Unity, communion and dialogue are always fragile, especially when behind a story of pain that has left scars. The memory of wounds can lead to resentment, mistrust, even contempt, encouraging us to build fences in front of those who are different from us. Wounds, however, can be passages, openings that, by imitating the wounds of the Lord, allow God's mercy to pass, his grace that changes life and transforms us into operators of peace and reconciliation. I know you have a proverb: "Whoever throws a stone at you, you give bread." This inspires us. This is very evangelical! It is the invitation of Jesus to break the vicious circle of violence and destructive, turning the other cheek to those who strike us, to overcome evil with good (cf. Rom12.21). I am struck by a detail in the history of Cardinal Korec. He was a Jesuit Cardinal, persecuted by the regime, imprisoned, forced to work hard until he fell ill. When he came to Rome for the Jubilee of 2000, he went to the catacombs and lit a candle for his persecutors, invoking them for mercy. This is the Gospel! This is the Gospel! It grows in life and in history through humble love, through patient love.

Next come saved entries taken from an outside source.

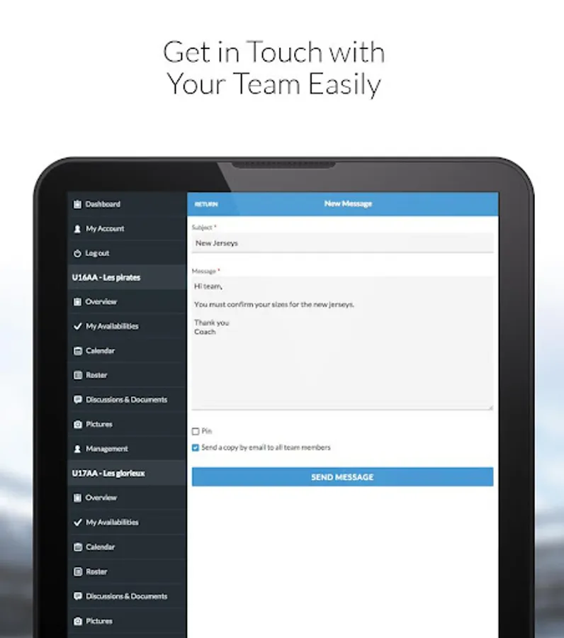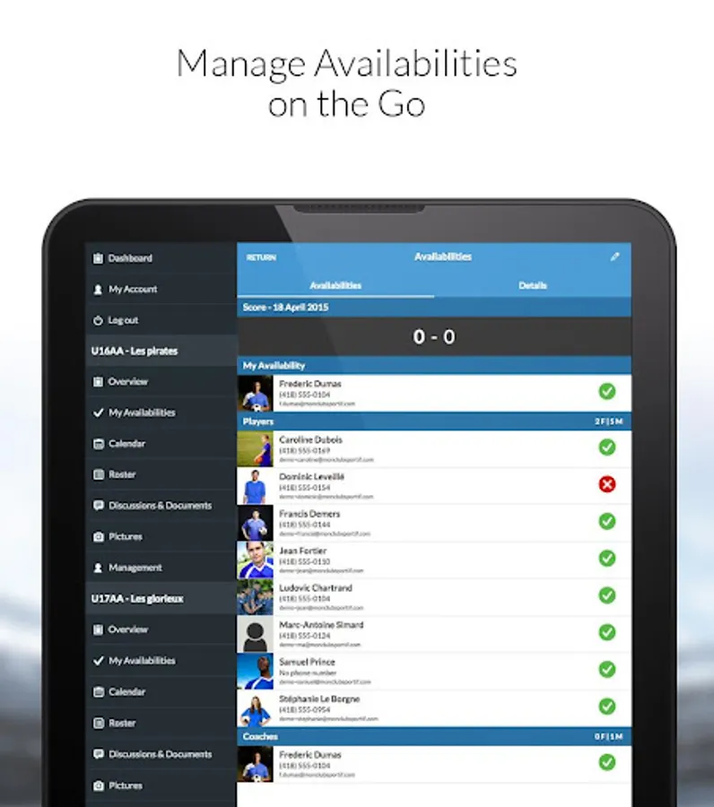MonClubSportif is a web app to help you manage your sport team easily from anywhere, anytime. You can manage it from you mobile phone, tablet or your desktop.
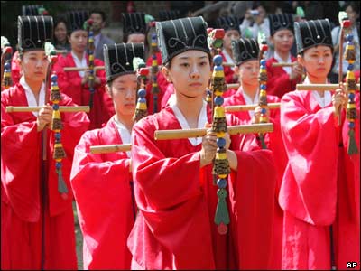 دانش آموزان کره جنوبی با لباس های سنتی در مراسم يادبود کنفوسيوس (انديشمند چينی که حدود 500 سال پيش از ميلاد مسيح می زيسته).
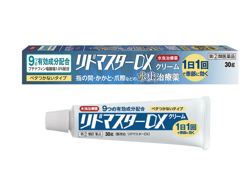 水虫・たむしは、白癬菌というカビが皮膚の角質層等に寄生して起こる皮膚病で、かゆみや痛みを伴うことが多くあります。リドマスターDXには8種類の有効成分を配合。1日1回の使用により、白癬菌を殺菌し、かゆみや痛みを伴う(水虫・たむしの)不快な症状を改善します。
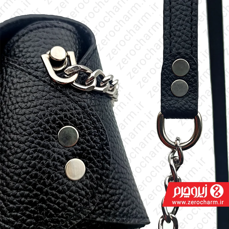 - طول بند کیف 105 سانتیمتری که ترکیبی از زنجیر و چرم می باشد.
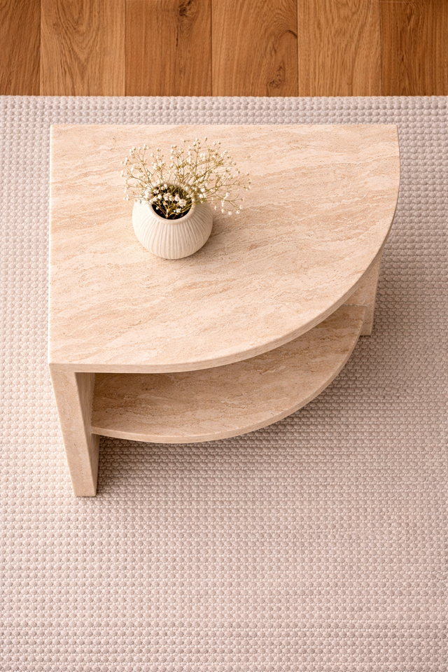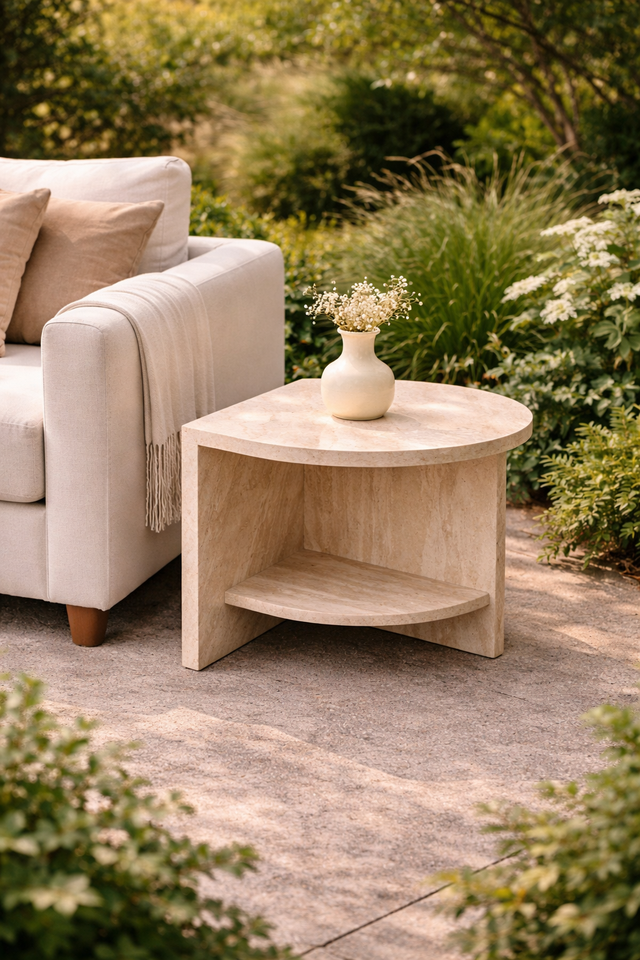 Table d'appoint en pierre de travertin de luxe, beige naturel, table d'angle, mobilier moderne pour salon, table d'appoint en pierre massif, décoration minimaliste
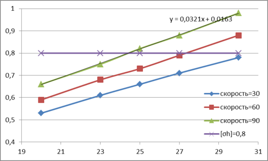 На графике построены три зависимости для скоростей 30,60,90 км/час. И подобранно уравнение напряжений на шкалах от осевой нагрузки:
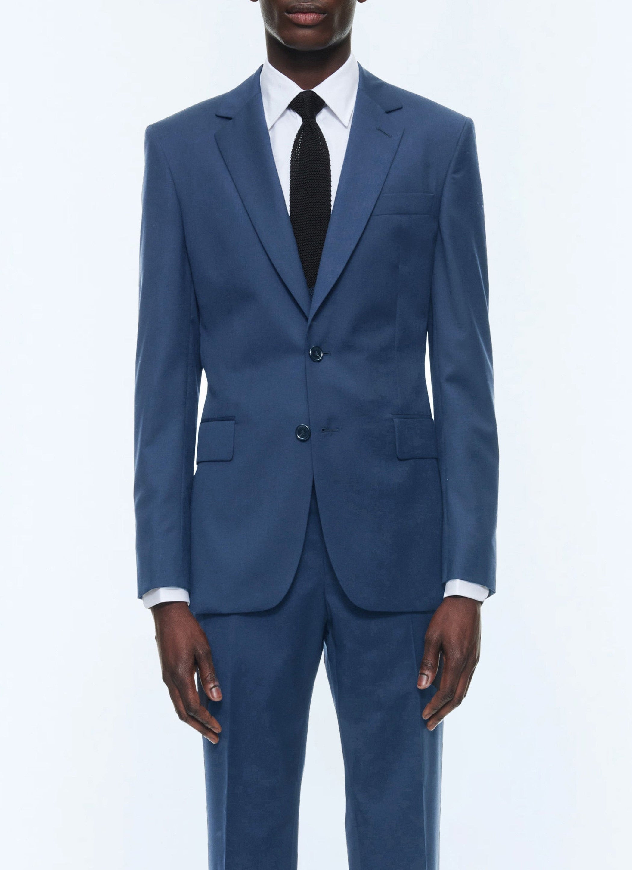 Montée en confection semi-traditionnelle dans une laine vierge bleu saphir, cette veste ajustée joue l’équilibre entre structure et souplesse.
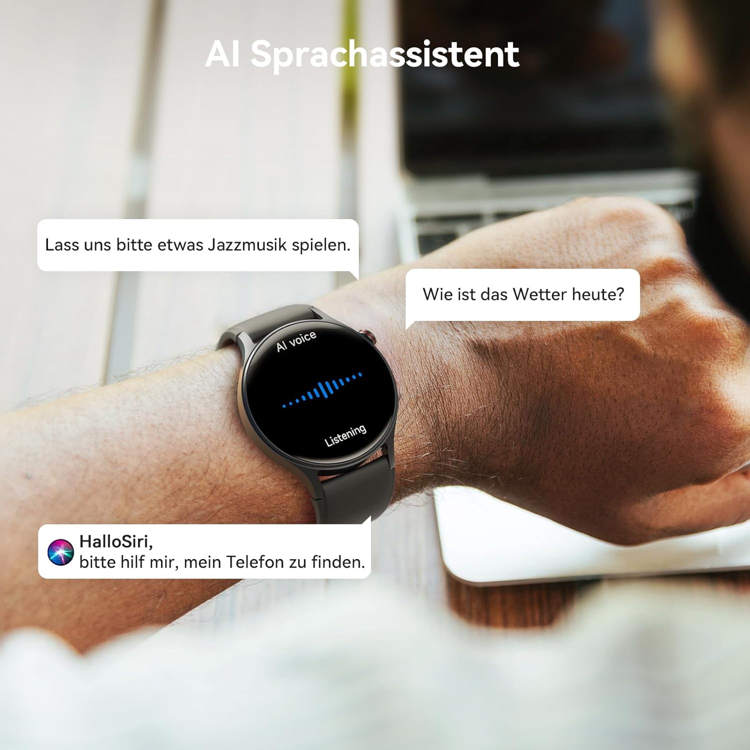 • Останете свързани в движение: смарт часовникът с функция за телефон осигурява ясно качество на разговорите чрез високоговорители и микрофони с висока резолюция и получава известия от SMS, имейл, социални приложения на Whatsapp.
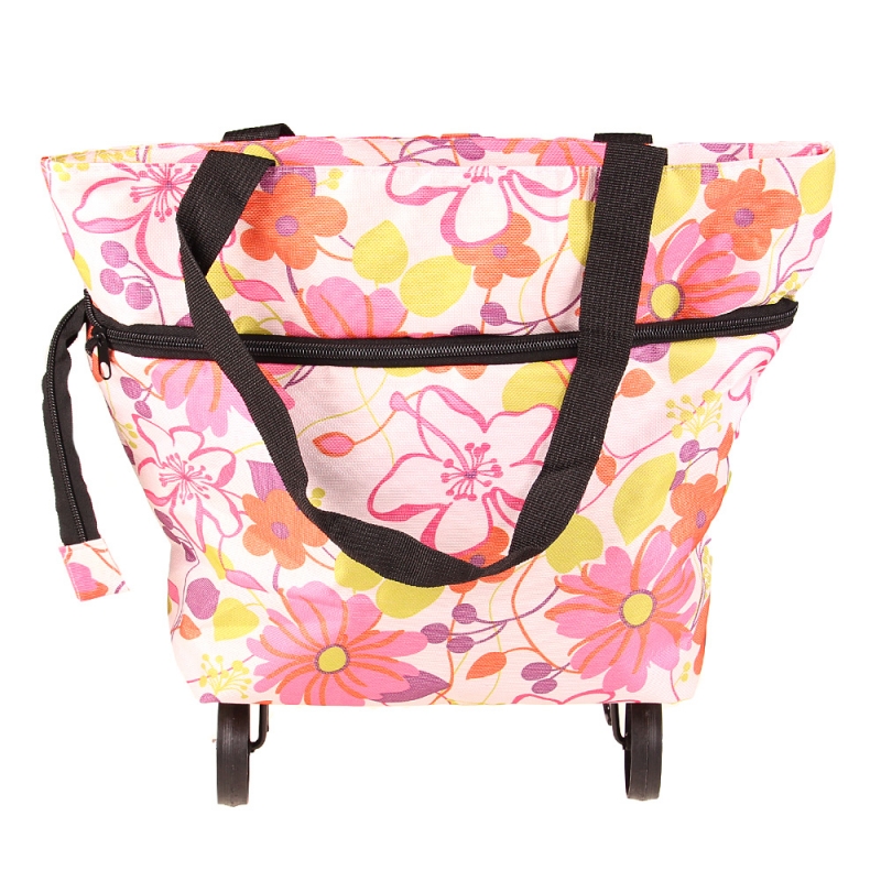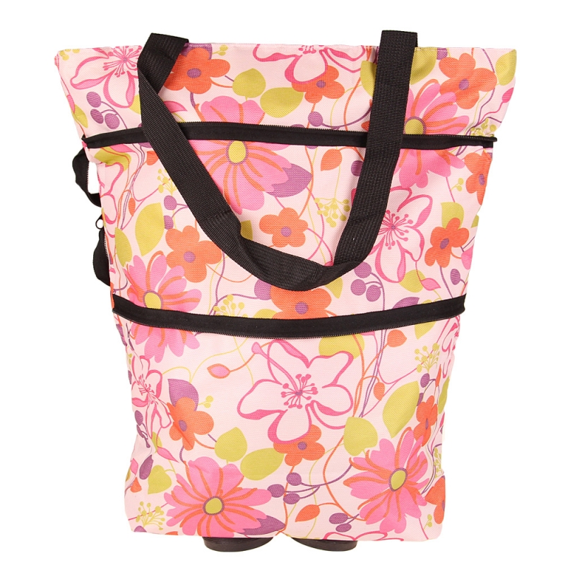 Nákupná taška s kolieskami ružové kvety

Dearest and most beloved, I thank God for being among you, and I sincerely thank you for what you do and for what you are, and for what you will do, inspired by this homily, which is also a seed that I am sowing ... Let's see if the plant! I wish you to continue your journey in the freedom of the Gospel, in the creativity of faith and in the dialogue that flows from the mercy of God, who has made us brothers and sisters, and calls us to be artisans of peace and harmony. I heartily bless you. And please pray for me. Thanks!